Model AI mungkin menjadi seperti manusia.
Yang baru belajar dari University of Texas di Austin, Texas A&M, dan Purdue University menunjukkan bahwa model bahasa besar yang mengonsumsi konten media sosial populer namun berkualitas rendah mengalami semacam “kebusukan otak” yang mungkin familier bagi siapa saja yang telah menghabiskan waktu terlalu lama melakukan doomscrolling di X atau TikTok.
“Kita hidup di zaman di mana informasi tumbuh lebih cepat daripada rentang perhatian—dan sebagian besar informasi dirancang untuk menangkap informasi yang tepat, bukan menyampaikan kebenaran atau kedalaman,” kata Junyuan Hong, asisten profesor di National University of Singapore yang mengerjakan penelitian ini sebagai mahasiswa pascasarjana di UT Austin. “Kami bertanya-tanya: Apa yang terjadi jika AI dilatih pada hal yang sama?”
Hong dan rekan-rekannya memasukkan berbagai jenis teks ke dua model bahasa open source besar dalam pra-pelatihan. Mereka meneliti apa yang terjadi ketika para model diberi kombinasi postingan media sosial yang sangat “menarik”, atau dibagikan secara luas, dan postingan yang berisi teks sensasional atau sensasional seperti “wow”, “lihat”, atau “hanya hari ini”.

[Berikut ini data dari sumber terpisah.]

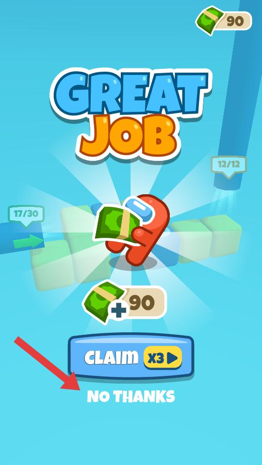 4、成功完成關卡目標后,會顯示Great Job界面,獲得金錢獎勵,可選擇CLAIM或NO THANKS,繼續下一關。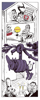 Y políticamente... no traduciré porque se entiende mejor que otros textos que he leído en castellano. De ese lodo sale el barro del descafeinado proceso actual.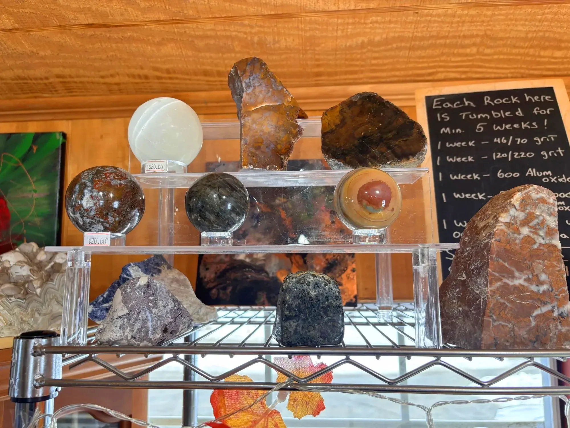 Fred McKenny has been tumbling, cutting, and polishing rocks on his property in Putney, Vermont since 2016. What began as a backyard hobby has grown into a full lapidary workshop. As a member of the Keene Mineral Club, Fred has access to rockhounding sites most collectors never see. Nearly every stone in the shop has been processed right here on Pine Banks Road.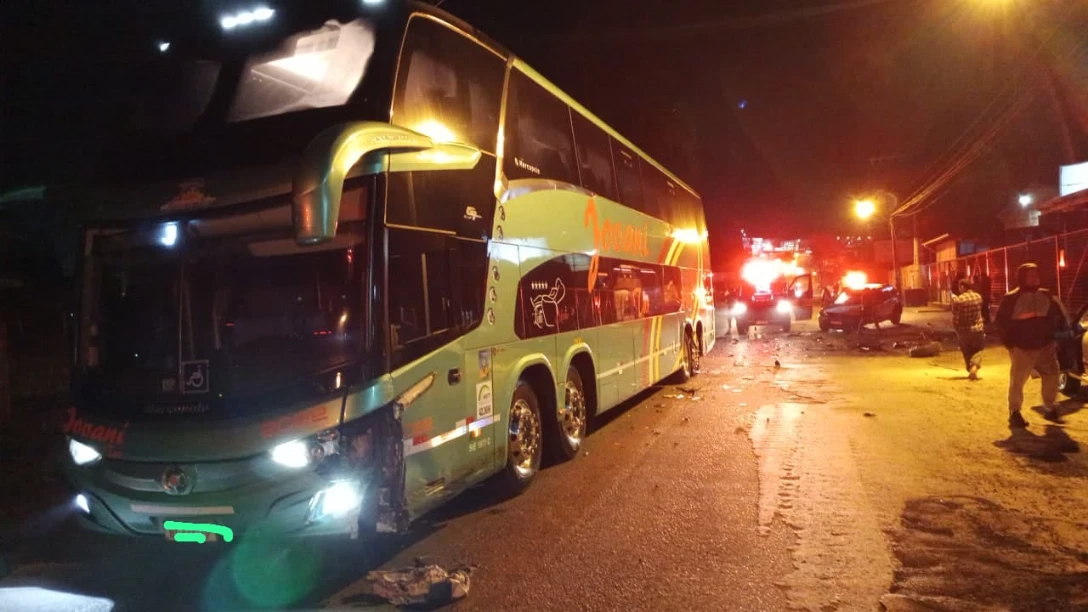 Um acidente de trânsito registrado na noite deste sábado (16) deixou um homem de 64 anos ferido em Criciúma. A colisão frontal ocorreu por volta das 21h, na Rua Miguel Napoli, no bairro Rio Maina, envolvendo um veículo de passeio e um ônibus.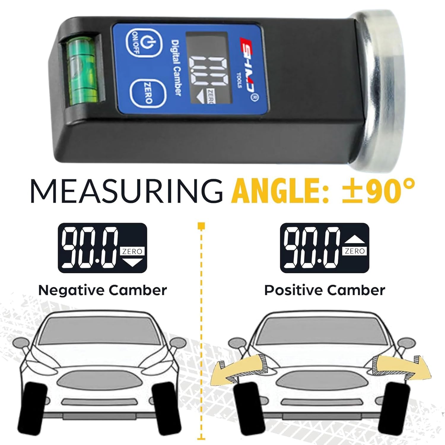 Cambers Gauge For Car Truck SUV LCD Display Wheel Alignment Tool Digital Cambers Alignment Tool With Horizontal BubbleFeatures:Achieve profession grade precisions in wheel alignment with our Digital Cambers Alignment Tool, featuring a LCD display for clear, accurate readings.This Cambers gauge boasts a construction with a base, ensuring stability and ease of use on all types of vehicles.For automotive technicians, car enthusiasts, and team look for a tool to maintain wheel alignment.Whether in the garage or at the racetrack, this alignment tool is for quick adjustments and routine maintenance.Enhances your vehicle's performances and ensures a ride by using our Wheel Alignment Tool, a must accessory for any car maintenance toolkit.Specifications:Component: MetalSize: About. 4.5x2.5x9cm/1.77x0.98x3.54inPackage Includes:1pc Cambers Alignment ToolNote:Please allow 1-2cm errors due to manual measurement. Due to difference between different monitors, the picture may not reflect the item actual color.
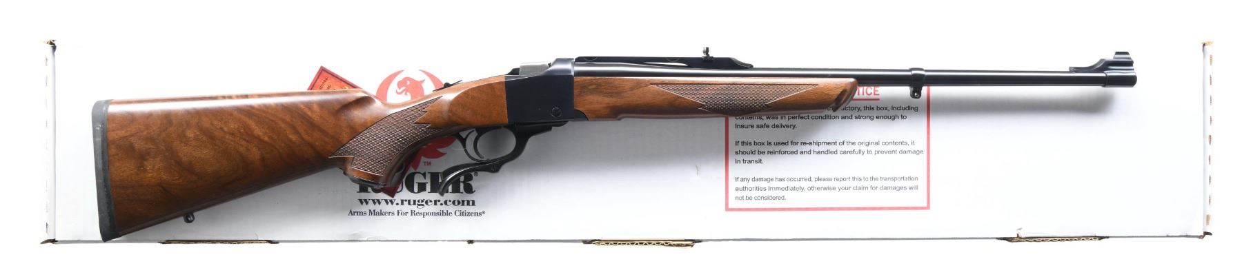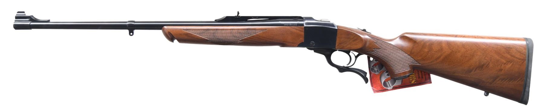 Cal. 204 Ruger. S# 134-35969. Bbl. 22" with banded user changeable brass bead front sight plus folding leaf rear on factory quarter rib machined for Ruger scope rings. Mfg. 2011 as Model 11314 having checkered walnut stock set (Alex Henry forend), grip cap, sling studs and black rubber pad. UNATTACHED ACCESSORIES: matching numbered factory box with packaging to include 1" factory scope rings. CONDITION: all aspects near excellent with new, unfired appearance. (24-3524/NW). MODERN. $800-1,200.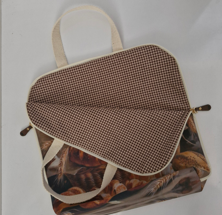 داخل آن با آستری کتان نخ چهارخونه قهوهای دوخته شده تا از لک، سیاهی و کثیف شدن نان جلوگیری شود.
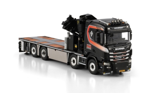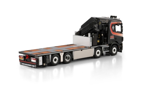 WSI 01-4669 BOUWRENT; SCANIA R NORMAL CR20N 8X2 TAG AXLE RIGED FLATBED TRUCK WITH PALFINGER PK 78002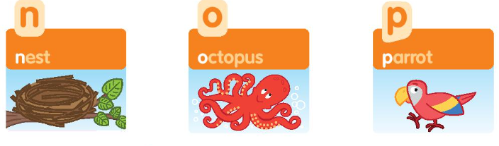 Listen, point, and repeat. Listen and chant. Read the chant again. Say the words with n, o, and p. Write. Listen and complete the words.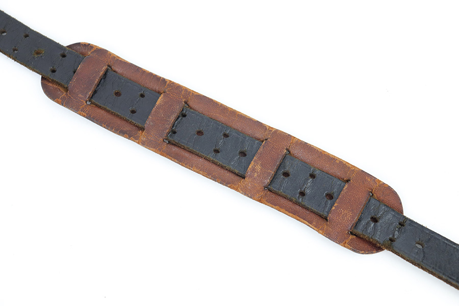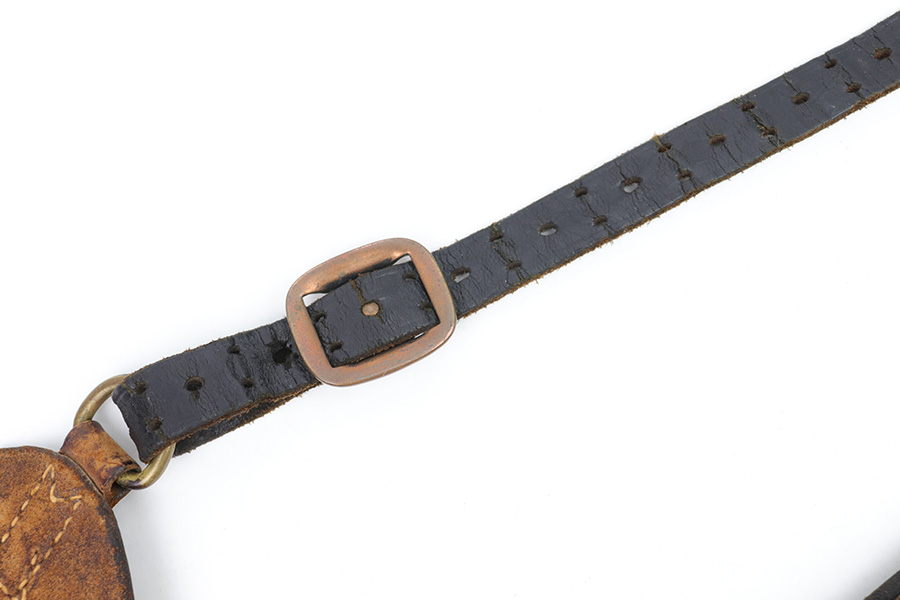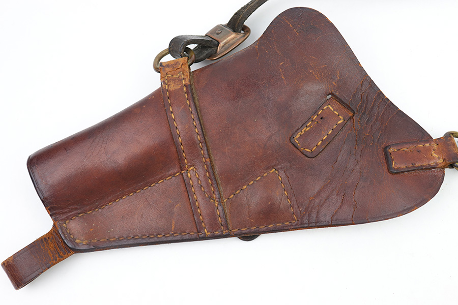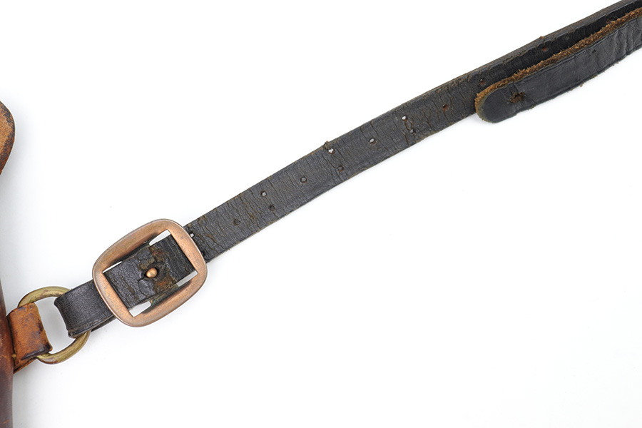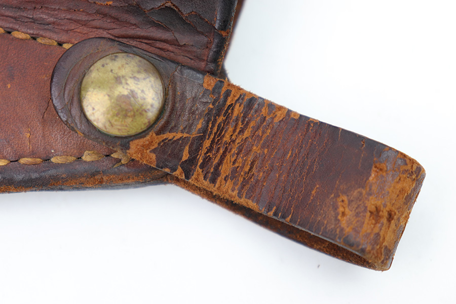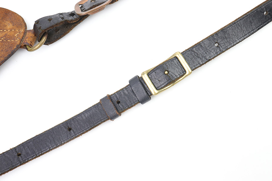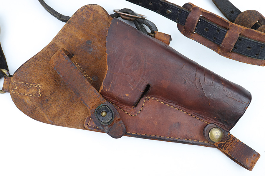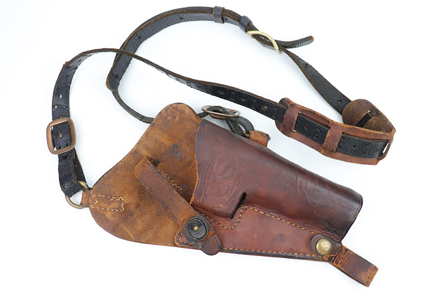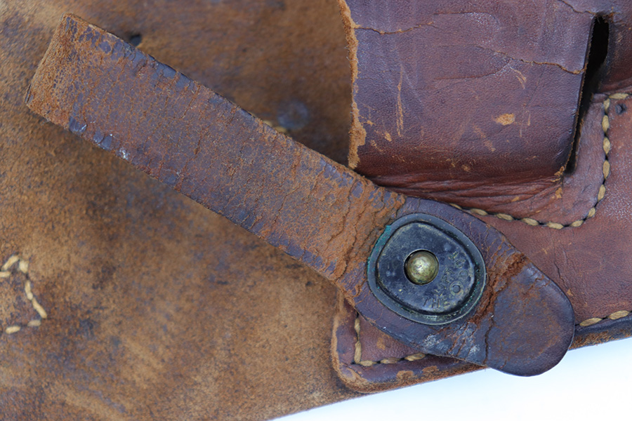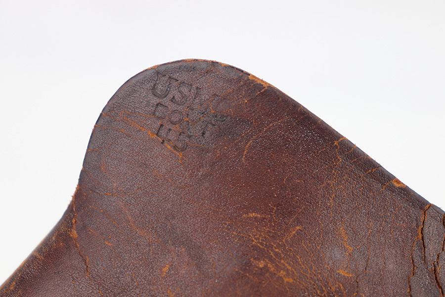 3/7/23 – This is an original late-WW2 production USMC issued shoulder holster by BOYT. The holster is maker stamped, dated ’45, and USMC stamped on the back leather as shown. The leather is in good condition with surface wrinkling and mild cracking, but none of the cracking is deep and the leather is completely intact. All original stitching intact as well. The shoulder strap is black leather and is good condition as well with no rips or tares.

Para peneliti kemudian menggunakan beberapa tolok ukur berbeda untuk mengukur dampak diet media sosial “sampah” ini pada dua model sumber terbuka: Llama dari Meta dan Qwen dari Alibaba.
Model yang diberi teks sampah mengalami semacam kerusakan otak AI—dengan penurunan kognitif termasuk berkurangnya kemampuan penalaran dan penurunan memori. Model-model tersebut juga menjadi kurang selaras secara etis dan menjadi lebih psikopat menurut dua ukuran.
Hasilnya mencerminkan penelitian pada subjek manusia, yang mana menunjukkan bahwa konten online berkualitas rendah memiliki a efek merugikan pada kemampuan kognitif seseorang. Meluasnya fenomena ini menyebabkan “busuk otak” dinamai Kamus Oxford kata terbaik tahun ini pada tahun 2024.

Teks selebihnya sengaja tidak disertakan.